Reports of the extinction of millions of species on Earth have been greatly exaggerated, a team of scientists has said. In the past scientists have warned that up to five per cent of species are at risk of dying-out as a result of climate change, deforestation and development.

But a new analysis by the University of New Zealand found that this figure was five times greater than reality because the number of animals living in the wild in the first place had been over estimated.

Extinction of millions of species 'greatly exaggerated'

This meant that conservationists assumed that rates of decline were much faster, as they were starting from a higher point.

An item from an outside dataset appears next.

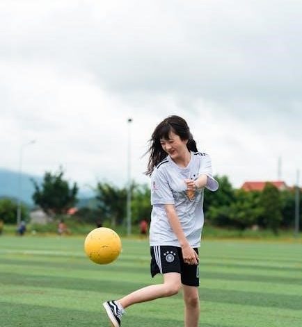 Dribbling and ball control are foundational skills in soccer, and off-season training is ideal for refinement․ Players engage in cone drills, ladder exercises, and figure-eight runs to improve agility and precision․ Stationary ball control exercises, such as toe taps and inside-outside cuts, enhance close-range maneuverability․ Small-sided games and 1v1 challenges encourage creativity and decision-making under pressure․ Coaches often incorporate video analysis to provide feedback and identify areas for improvement․ Consistent practice of these drills builds confidence and mastery, allowing players to dominate possession during the season․ Incorporating variations in speed and direction further enhances effectiveness, ensuring players are prepared for any scenario on the field․

In fact the rate of extinction is much slower, with just one per cent of animals in danger of dying out globally.

Writer Mark Twain famously responded to the news that his obituary had appeared in the New York Journal by saying: “The reports of my death are greatly exaggerated.”

Writing in the journal Science, the researchers calculate that there are around five million species of plants and animals on Earth, of which 1.5 million have been named.

This is far fewer than some other estimates, which put the figure as high as 100 million.

If a habitat is thought to contain more animals than it does, this can easily lead to a mistaken idea of how quickly they are disappearing.

Finding 500 members of a species in a population estimated to top 1,000 would indicate a more than 50 per cent decline.

But if the population was actually 500 in the first place, the loss rate falls to zero.

Professor Mark Costello, from the University of Auckland in New Zealand, said that globally, around one per cent of species are likely to be vanishing per decade rather than the five per cent figure some experts have proposed.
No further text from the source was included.